**Input material:**
-------------------------
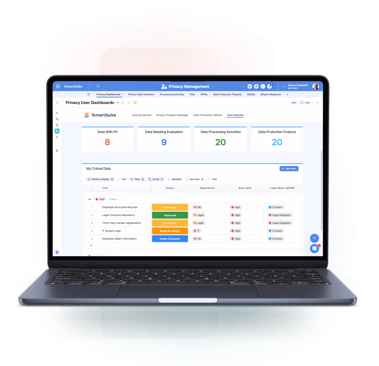 SmartSuite unifies privacy workflows, data inventories, DPIAs/PIAs, incident response, and compliance tracking in a single platform. Privacy teams gain full visibility into processing activities, risks, controls, and mitigation efforts — ensuring consistent governance across the organization.
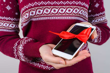 Perfect surprise for new year! Cropped close up photo of modern stylish trendy smart phone in woman's hands with bow isolated on grey background
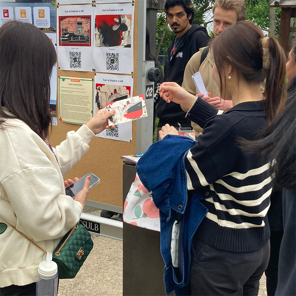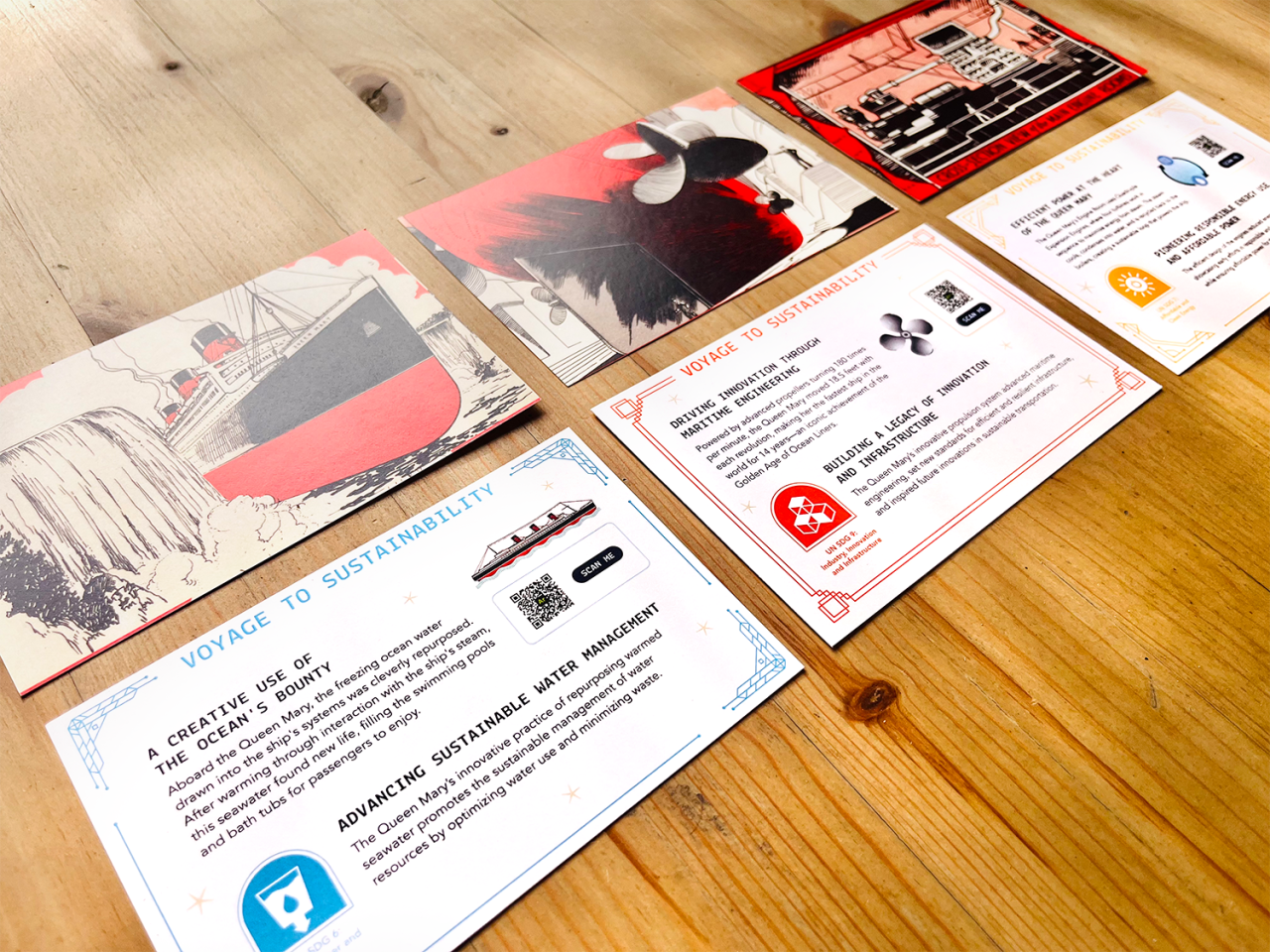 The back of each card includes details about the ship’s sustainability efforts and history, along with a QR code for Adobe Aero. When scanned, the code brings the AR infographics to life, providing an interactive way to visualize key concepts.
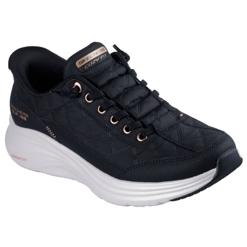 PUFFER FIT™ Adéntrate en la lujosa y acogedora comodidad de las Skechers Hands Free Slip-ins®: Contour Foam™ - Cozy Fit™ Golden Hour. Diseñado con nuestro Heel Pillow™, este modelo sin cordones presenta una parte superior acolchada Cozy Fit™ y una capa superpuesta de duraleather con cordones elásticos ya atados, amortiguación Contour Foam™ en la media suela y nuestra característica plantilla con amortiguación Skechers Air-Cooled Memory Foam™.
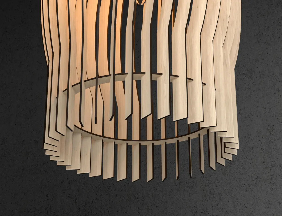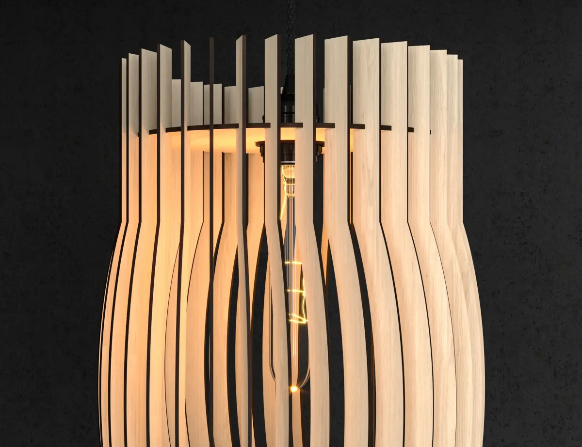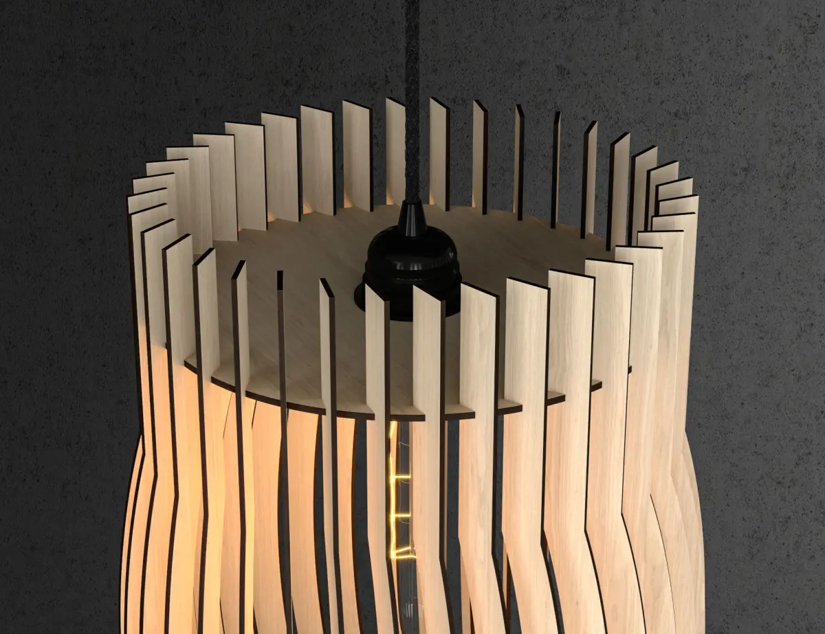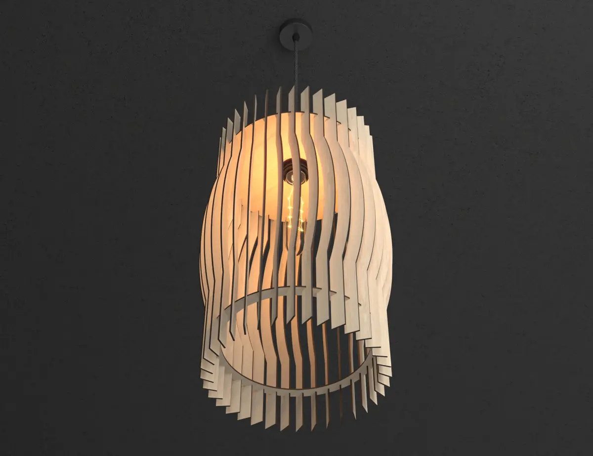 This lamp can be made by laser cutting machine. DWG Lasercut blueprint include. For 4 mm wood thickness.
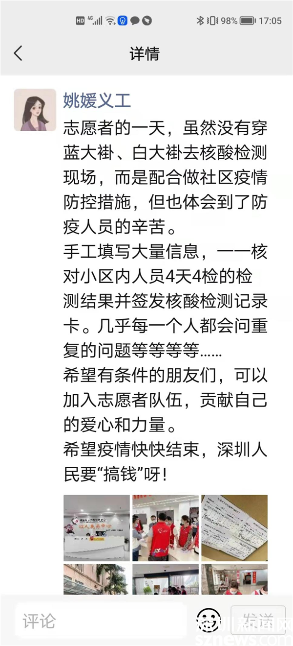 她在朋友圈呼吁:“希望有條件的朋友們,可以加入志愿者隊(duì)伍,貢獻(xiàn)自己的愛(ài)心和力量?!彼f(shuō),她所供職的優(yōu)合集團(tuán)已經(jīng)組織了122人的志愿隊(duì)伍,分布在全市各區(qū),奮力投身全市抗疫戰(zhàn)斗。雖然做志愿者很辛苦,但她不忘調(diào)侃:希望疫情快快結(jié)束,深圳人民要“搞錢(qián)”呀!
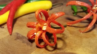 We show you how to make a chili flower garnish sometimes called a Fire Bloom or chilli florette. With fresh chillies a very sharp knife or scissors, patience and a ...
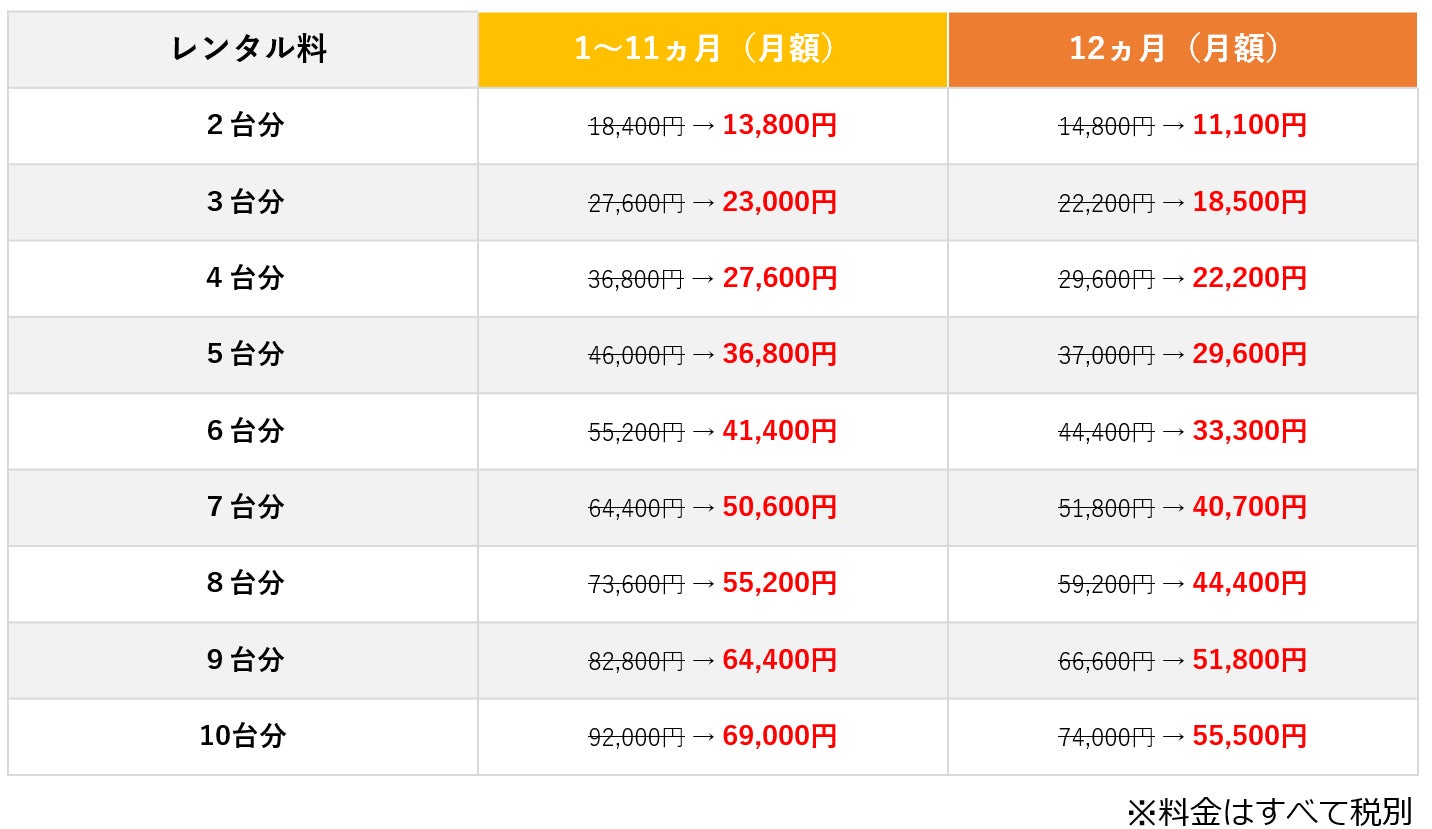 ※1契約で10台以上のお申込も可能です。お気軽にお問い合わせください。
-------------------------
Only an exact copy of the lines from the top of the entries through the line with "Perfect surprise for", both included, should be given, with all pictures omitted.

 SmartSuite unifies privacy workflows, data inventories, DPIAs/PIAs, incident response, and compliance tracking in a single platform. Privacy teams gain full visibility into processing activities, risks, controls, and mitigation efforts — ensuring consistent governance across the organization.
 Perfect surprise for new year! Cropped close up photo of modern stylish trendy smart phone in woman's hands with bow isolated on grey background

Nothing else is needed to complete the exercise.